Records for this exercise:
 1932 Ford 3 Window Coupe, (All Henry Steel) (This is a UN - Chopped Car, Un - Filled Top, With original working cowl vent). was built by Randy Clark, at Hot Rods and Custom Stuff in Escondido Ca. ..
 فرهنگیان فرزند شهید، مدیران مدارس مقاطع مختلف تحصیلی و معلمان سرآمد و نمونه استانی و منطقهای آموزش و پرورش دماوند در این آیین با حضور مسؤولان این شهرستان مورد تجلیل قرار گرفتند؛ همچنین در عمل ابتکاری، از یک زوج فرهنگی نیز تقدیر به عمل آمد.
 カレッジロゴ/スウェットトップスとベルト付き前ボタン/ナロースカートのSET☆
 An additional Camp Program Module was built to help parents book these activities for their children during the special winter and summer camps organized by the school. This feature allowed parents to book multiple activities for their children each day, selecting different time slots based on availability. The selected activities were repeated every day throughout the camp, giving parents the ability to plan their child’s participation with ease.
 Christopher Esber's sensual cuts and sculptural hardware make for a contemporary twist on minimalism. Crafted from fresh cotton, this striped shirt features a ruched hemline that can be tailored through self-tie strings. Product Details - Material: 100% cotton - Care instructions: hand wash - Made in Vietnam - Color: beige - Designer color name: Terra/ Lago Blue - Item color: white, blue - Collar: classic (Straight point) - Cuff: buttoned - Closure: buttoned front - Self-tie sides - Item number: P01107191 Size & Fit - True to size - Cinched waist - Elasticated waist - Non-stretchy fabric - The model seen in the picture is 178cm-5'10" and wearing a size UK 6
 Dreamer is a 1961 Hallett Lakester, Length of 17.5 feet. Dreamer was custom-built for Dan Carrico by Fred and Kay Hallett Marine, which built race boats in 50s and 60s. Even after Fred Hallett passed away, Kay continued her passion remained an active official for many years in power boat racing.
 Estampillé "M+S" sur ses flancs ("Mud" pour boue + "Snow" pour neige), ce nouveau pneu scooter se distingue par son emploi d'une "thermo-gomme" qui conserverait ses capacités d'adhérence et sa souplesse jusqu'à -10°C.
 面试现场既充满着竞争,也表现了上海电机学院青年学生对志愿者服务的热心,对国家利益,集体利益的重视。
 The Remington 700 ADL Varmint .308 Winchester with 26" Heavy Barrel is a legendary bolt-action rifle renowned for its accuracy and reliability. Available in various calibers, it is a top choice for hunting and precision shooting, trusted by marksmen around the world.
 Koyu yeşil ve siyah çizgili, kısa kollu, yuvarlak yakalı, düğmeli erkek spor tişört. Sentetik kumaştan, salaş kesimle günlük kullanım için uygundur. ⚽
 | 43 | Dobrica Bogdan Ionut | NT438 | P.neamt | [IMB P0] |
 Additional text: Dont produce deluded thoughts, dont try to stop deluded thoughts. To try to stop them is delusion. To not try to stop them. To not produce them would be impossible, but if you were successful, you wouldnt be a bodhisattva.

About this exercise: Please output exactly the lines between the one holding "Dreamer is a" and the one holding "souplesse jusqu'à -10°C." in the records above, inclusive, and nothing more.

Answer to the problem:
 Dreamer is a 1961 Hallett Lakester, Length of 17.5 feet. Dreamer was custom-built for Dan Carrico by Fred and Kay Hallett Marine, which built race boats in 50s and 60s. Even after Fred Hallett passed away, Kay continued her passion remained an active official for many years in power boat racing.
 Estampillé "M+S" sur ses flancs ("Mud" pour boue + "Snow" pour neige), ce nouveau pneu scooter se distingue par son emploi d'une "thermo-gomme" qui conserverait ses capacités d'adhérence et sa souplesse jusqu'à -10°C.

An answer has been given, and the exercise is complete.